December 10, 2006

Natan Sharansky’s latest lesson for me? Start feeling like an IsraeliIt may seem odd given Israel’s frequent elections, but in the ten years I’ve lived in Israel, I had the chance to vote for Natan Sharansky – the only politician I ever actually voted FOR in my life – only once. It was in 2003, the same year Russian immigrants abandoned Sharansky’s immigrant party Yisrael Ba’aliya, dropping it to a Knesset-minimum two seats and forcing it to merge with the Likud, never to be heard from again.

It feels particularly odd to me because Sharansky’s political career, which ended last month, corresponds almost perfectly to my time in Israel. I was on a year program called WUJS in Arad (World Union of Jewish Students) during his first election campaign in 1996, when he came out of nowhere (besides a Soviet prison) and won seven seats in Knesset.

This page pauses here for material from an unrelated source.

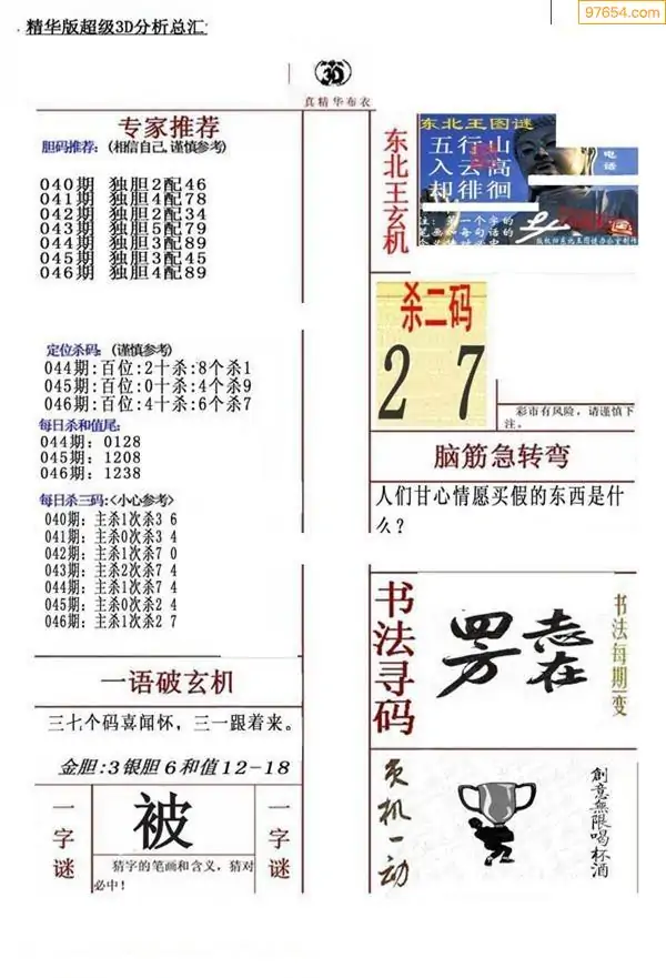 (3)2026045期3D预测总汇全图_福彩3d图谜字谜总汇

The same year, I read his autobiography, Fear No Evil, and decided he should be prime minister.

I wasn’t alone. When I mentioned Sharansky to English speakers, many seemed to agree: Sharansky was the next great Jewish leader, the man to help us build a real Jewish state. When the security situation finally recedes to the background, we reasoned, Sharansky would help heal the internal rifts that were eating away our souls.

As a politician, Sharansky was an inspiriation. He talked about the Jewish people as an organic whole, inside or outside Israel. When a Jewish community in the diaspora was threatened, he argued, the Jewish state was obligated to show support. And the same was true in the inverse. Jews everywhere would support Israel because they were part of its development, even if they never set foot on its land. These were magical ideas for a recent immigrant like me, who wanted nothing more than to feel a sense of common destiny with Israel. This was exactly the kind of state I wanted to help Sharansky build.

When he dropped a seat in the next election, the loss was tempered by his success in wresting the Interior Ministry from Shas, which held a mighty 17 seats to Sharansky’s six. His party’s infamous “Shas Kontrol? Net, nash Kontrol!” slogan gave a powerful voice to the new generation of immigrants. And when his party dropped to four seats after Roman Bronfman split off and later joined Meretz, I figured he’d get his seats back in the next election.

By the time the next election came around, Israel had been branded an illegitimate apartheid state at the UN’s Conference on Racism in Durban and Palestinian suicide bombers struck Israeli coffee shops, shopping malls, and buses in unprecedented numbers as world leaders condemned Israel for defending its citizens. Someone had to stand up for the human rights of the Israeli people. The times, it seemed, were ripe for Sharansky to fulfill his destiny as the leader of the Jews.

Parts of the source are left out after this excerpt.